Tashkent: Uzbekistan has called on the international community to continue supporting the Central Asian nation’s efforts to mitigate the consequences of the shrinking of the Aral Sea.
Speaking during the UN 2023 Water Conference on Friday, Saida Mirziyoyeva, head of the communications and information policy sector of the executive office of the Administration of the Uzbek President, noted that her country was making efforts to stabilise the sand on the dried-up seabed of the Aral Sea, Xinhua News Agency reported.
“Now almost 1.5 million hectares of land have been planted with forest,” she said, noting that projects worth more than 14 million US dollars are being implemented under the auspices of the UN.
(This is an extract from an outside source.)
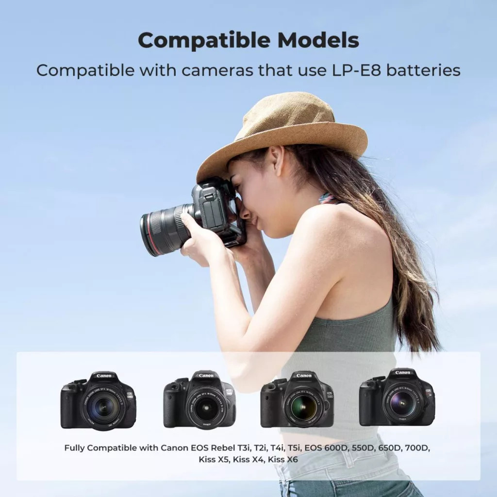 • Kompatibilis az LP-E8 akkumulátort használó Canon EOS modellekkel (például Rebel T2i, T3i, T4i, T5i, 550D, 600D, 650D, 700D)

The Aral Sea, located between Kazakhstan and Uzbekistan, was once the world’s fourth-largest inland waterbody. It has shrunk remarkably since 1960 — with its surface area dwindling from 67,000 square km in 1960 to just 6,000 square km in 2020.
Latest research showed that rising temperatures, a lack of water-saving technology in farmlands, wetland expansion in the middle and lower reaches, and a large amount of water storage in upstream hydropower stations, had all accelerated the shrinkage of the Aral Sea in the past two decades.
The dried shores produce salt dust, posing a serious threat to local ecological environment and people’s health.